Supplied data.
>>>>>

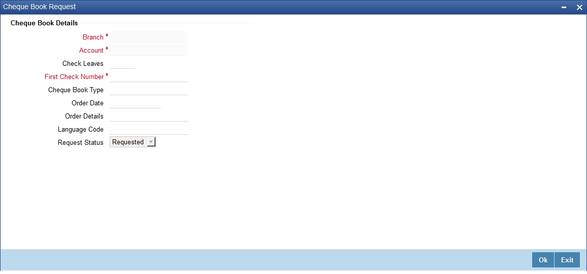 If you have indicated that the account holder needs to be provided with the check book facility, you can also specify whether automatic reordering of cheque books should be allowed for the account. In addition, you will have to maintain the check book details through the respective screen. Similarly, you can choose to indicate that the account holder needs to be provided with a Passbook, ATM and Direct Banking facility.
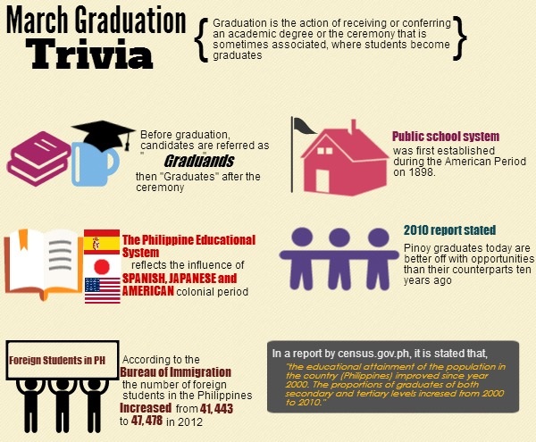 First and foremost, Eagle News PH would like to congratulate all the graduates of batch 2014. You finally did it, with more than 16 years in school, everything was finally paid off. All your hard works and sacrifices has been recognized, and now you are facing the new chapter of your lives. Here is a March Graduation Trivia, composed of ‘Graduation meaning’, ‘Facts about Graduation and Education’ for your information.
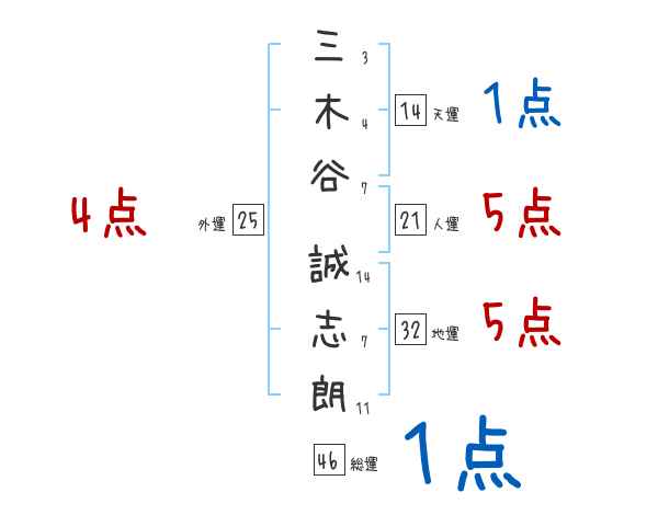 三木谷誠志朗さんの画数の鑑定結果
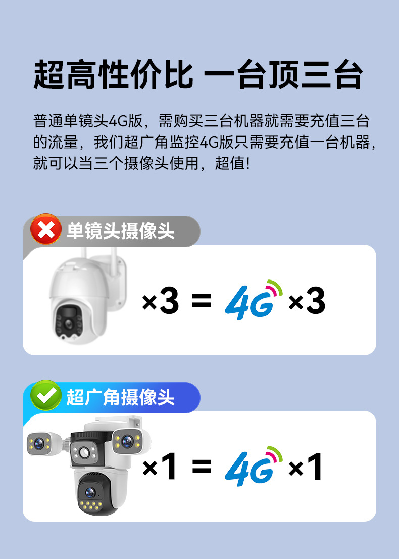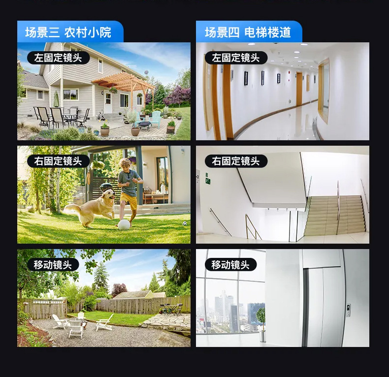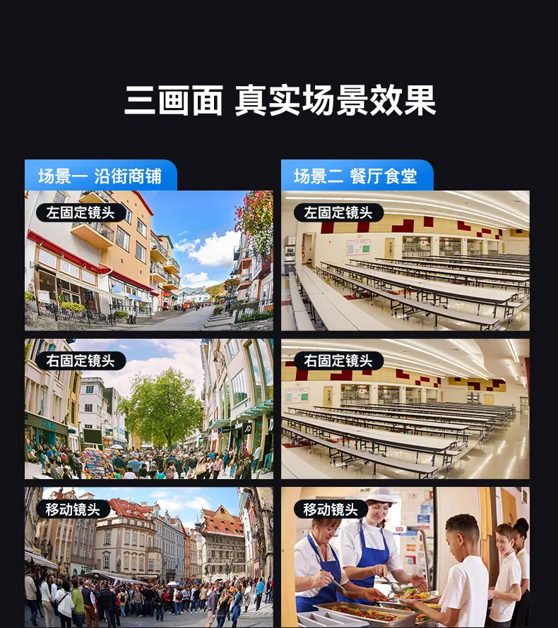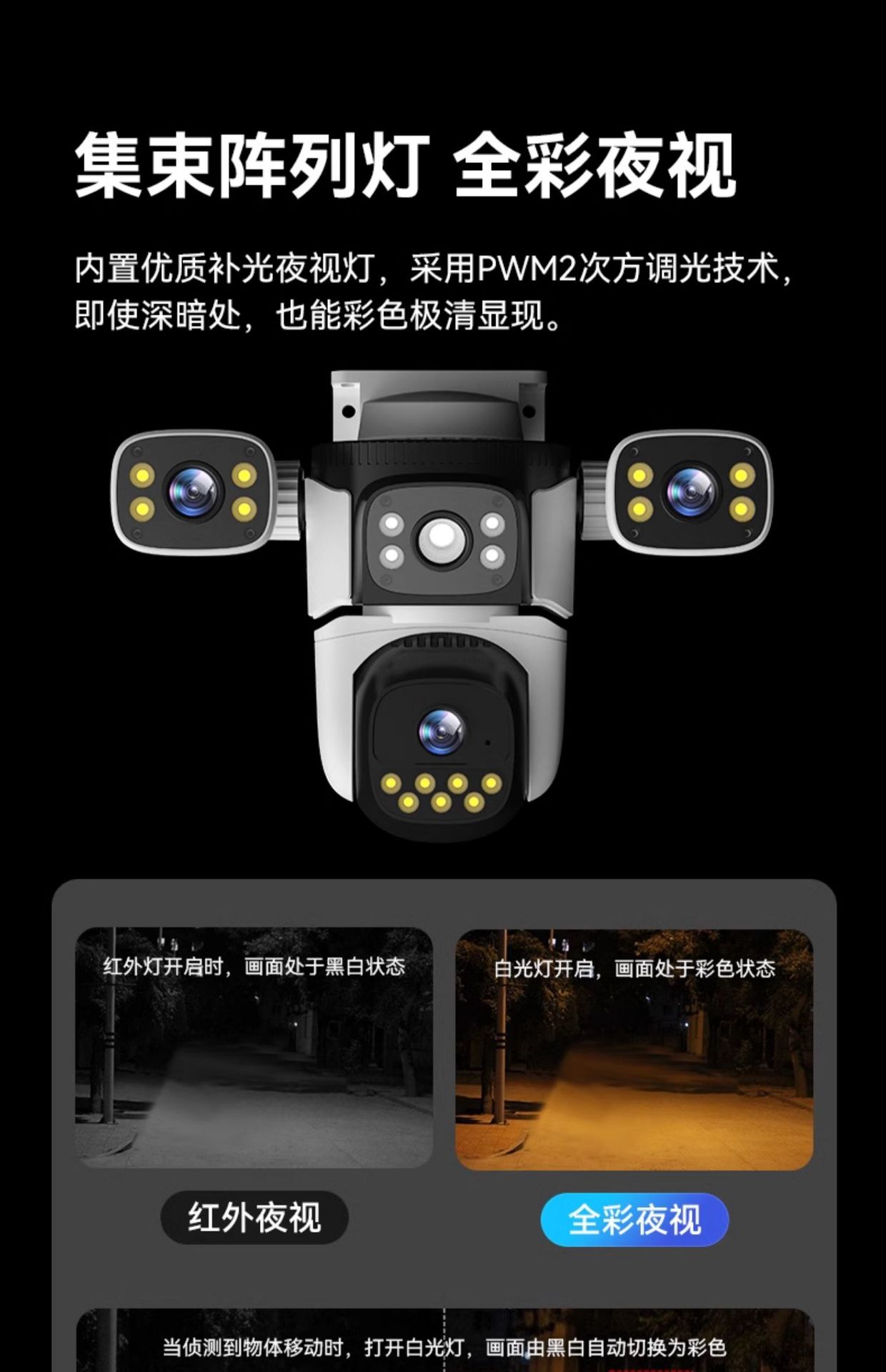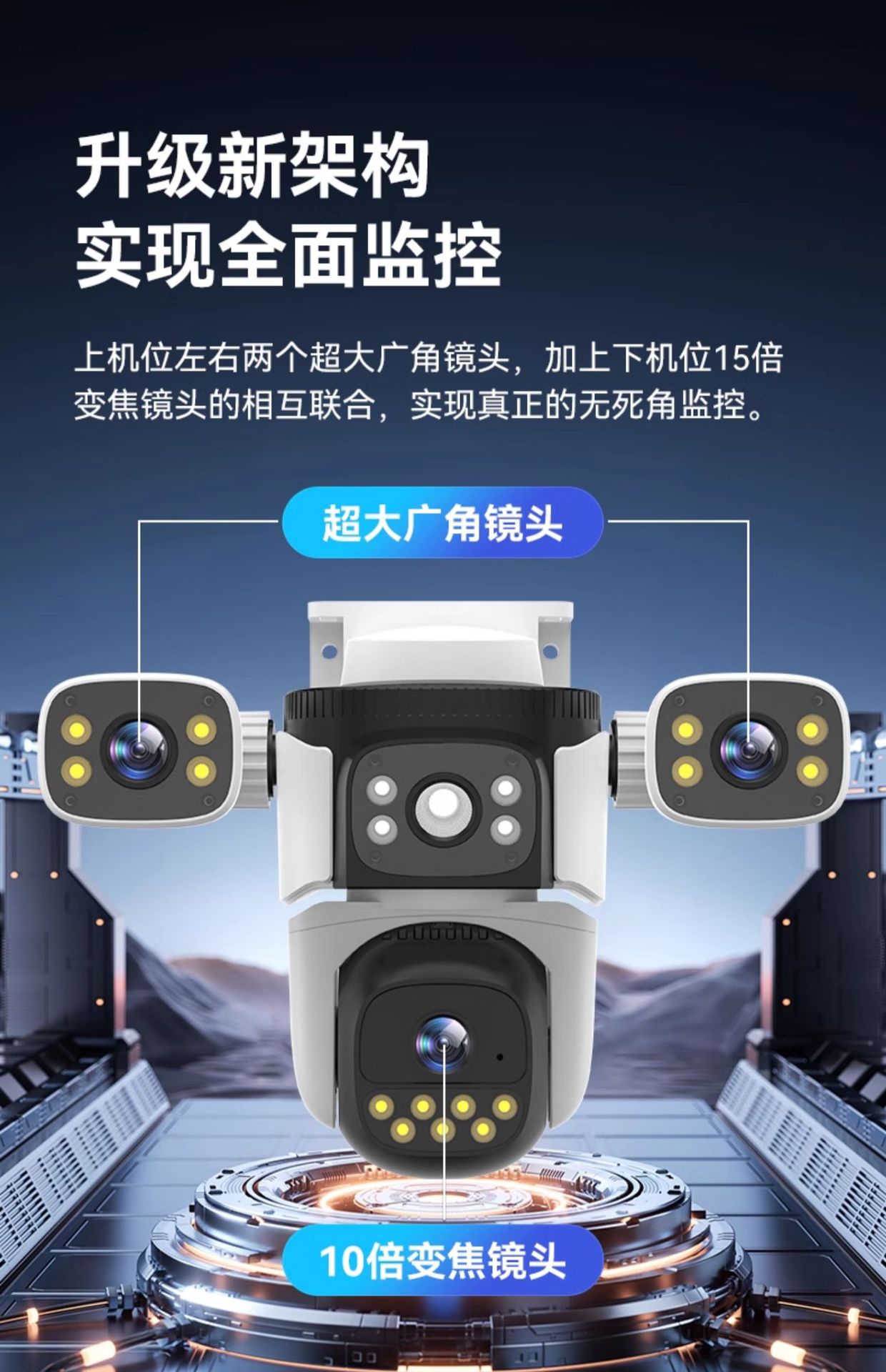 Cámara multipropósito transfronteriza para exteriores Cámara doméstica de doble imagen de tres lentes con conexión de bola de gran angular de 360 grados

<<<<<

Action item.
Every line from the one with "First and foremost, Eagle" through the last line of the material gets printed exactly, and nothing more. Omit the pictures.

Answer to this problem.
 First and foremost, Eagle News PH would like to congratulate all the graduates of batch 2014. You finally did it, with more than 16 years in school, everything was finally paid off. All your hard works and sacrifices has been recognized, and now you are facing the new chapter of your lives. Here is a March Graduation Trivia, composed of ‘Graduation meaning’, ‘Facts about Graduation and Education’ for your information.
 三木谷誠志朗さんの画数の鑑定結果
 Cámara multipropósito transfronteriza para exteriores Cámara doméstica de doble imagen de tres lentes con conexión de bola de gran angular de 360 grados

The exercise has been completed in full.